Several other motorists stopped. Someone ran for a fire extinguisher. Another called 911. Lesue and four others cradled their arms around Hatch and carefully removed her from the wreckage.

“We kept telling her it was OK,” said Lesue, who held Hatch's head. “We didn't know if she had any internal injuries. We were literally praying for her to be OK, but in your heart … ”

Hatch, 25, never lost consciousness. She spent one day in the hospital with wrist, clavicle, lower-back and head injuries. She remains a student at Brigham Young University, where she is a figure skating instructor and member of the university's team. A former member of Team USA who has competed internationally, she has resumed her skating career.

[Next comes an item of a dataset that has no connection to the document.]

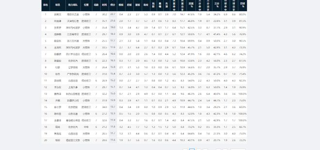 具体包括第5名胡金秋,场均17.7分;第15名廖三宁,场均13.7分;第19名周琦,场均11.8分。

“I have come a long way as far as the recovery and how my life is coming along,” she said. “(Surviving the accident) is something I am really grateful for.

“Not a day goes by that I don't think about my accident. But at least the reminders (pain) aren't there anymore.”

What remains is the friendship that grew between Lesue and Hatch. It started when Hatch — in shock and trying to breathe through injured ribs — looked up at her rescuers and found Lesue's hand.

“I was very confused and scared,” she said. “There was a hand close by me, and I felt the need to reach out and grab it and squeeze it.

“It gave me a sense of peace.”

Not knowing Hatch's condition, Lesue later contacted her via Facebook. They stay in touch through social media and text messaging.

She and her family were Lesue's guests at a Blaze game last season. When he scored a touchdown, he ran to Hatch's seat and handed her the football.

Lesue said the crash changed his outlook on life and helped his career.

“It didn't distract me,” he said “If anything, it made me play better. It gave me something to play for.

“Sometimes you take things for granted, and you forget life can be short. You pass by a ton of people every day, and you wave at them or smile at them, but to actually go from driving down the road one minute to caring for someone you don't even know the next, it was good for me to reevaluate myself.

“After that experience, you hug everyone you know. People you don't know, you want to shake their hand.”